Our politicians continually try to win our support with promises to put more money in our pockets. There seems to be a widely accepted idea in Britain that if you can earn a bit more and pay a bit less in taxes then you’ll be better off. Ed Miliband’s “cost of living crisis” never really caught on but I’d say there’s something in it. I earned less in the Netherlands than I do here and I paid proportionately more of my wages in tax but I was financially better off there. Living in Holland has showed me that paradoxically there’s more to being rich or poor than how much money you’ve got. It’s how far that money can stretch that matters.
So what’s prompted this decidedly non-archaeological post on today of all days? It’s a piece I read in the Guardian this morning which claims that the new so-called “living wage” (can’t we please just call it what it is, a rise in the minimum wage?) means that according to the Big Mac Index British people on the minimum wage are going to have more spending power than in any European country except for Luxemburg. And no it’s not an April Fool’s joke, the Big Mac Index really does – the Big Mac is apparently used, as a widely available and relative cheap product, to measure relative spending power around the world.

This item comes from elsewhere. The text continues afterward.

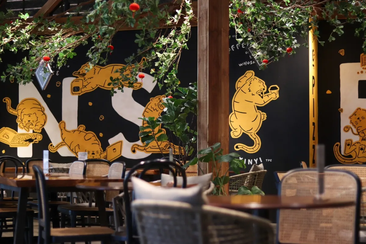 N.S.F.W.特別找來知名咖啡杯插畫家WHOSMiNG合作,呈現牆上幾幅慵懶的老虎插畫,他們就和店裡顧客一樣,忙裡偷閒的樣子簡直讓人感同身受~此外,店裡一系列保溫瓶、馬克杯和杯墊等等,這些周邊設計也都出自於WHOSMiNG之手。

I’ve checked online and a Big Mac is a rare example of an item of food that costs almost exactly the same amount in the Netherlands as it does in the UK £2.69 here and € 3,45 (£2.70 at today’s exchange rate) in Holland . So, it seems to me that this doesn’t so much prove that spending power is higher in the UK as that Big Macs for some reason are one of the few things that are relatively cheap here. And why might that be? Might it be because fast-food chains somehow have lower costs in the UK so that they can keep down their prices and still make a healthy profit? And if that is the case where might those savings be made? Well, one possibility that springs to mind is that it might have something do with employment conditions in the UK where people working in fast food chains are presumably very often on zero-hours contracts so that even if their employer does pay them the new, higher minimum wage they will still be making savings on pension contributions, sick pay and holiday pay? Is it just possible that measuring wealth in Hamburgers isn’t so useful after all? Just a thought…..
Of course we’re all thinking a lot at the moment about Britain’s place in the EU. I’d say that one of the best things about membership is that it makes it easier for us to spend time living in other European countries, and living abroad can open your eyes to the things that work well in your home country and the things that work less well. My understanding of economics is shaky to say the least and I don’t pretend to understand why life is so expensive here compared to some other countries but this does seem to me to be a major problem in the UK and I suggest that to find a solution we could do worse than to consider why it’s a problem that other countries on our doorstep don’t seem to have.
And to finish on a lighter note: just in case you’re wondering, the landlord paid to get the exterminators in so it isn’t all doom and gloom. Well, not unless you’re a wasp.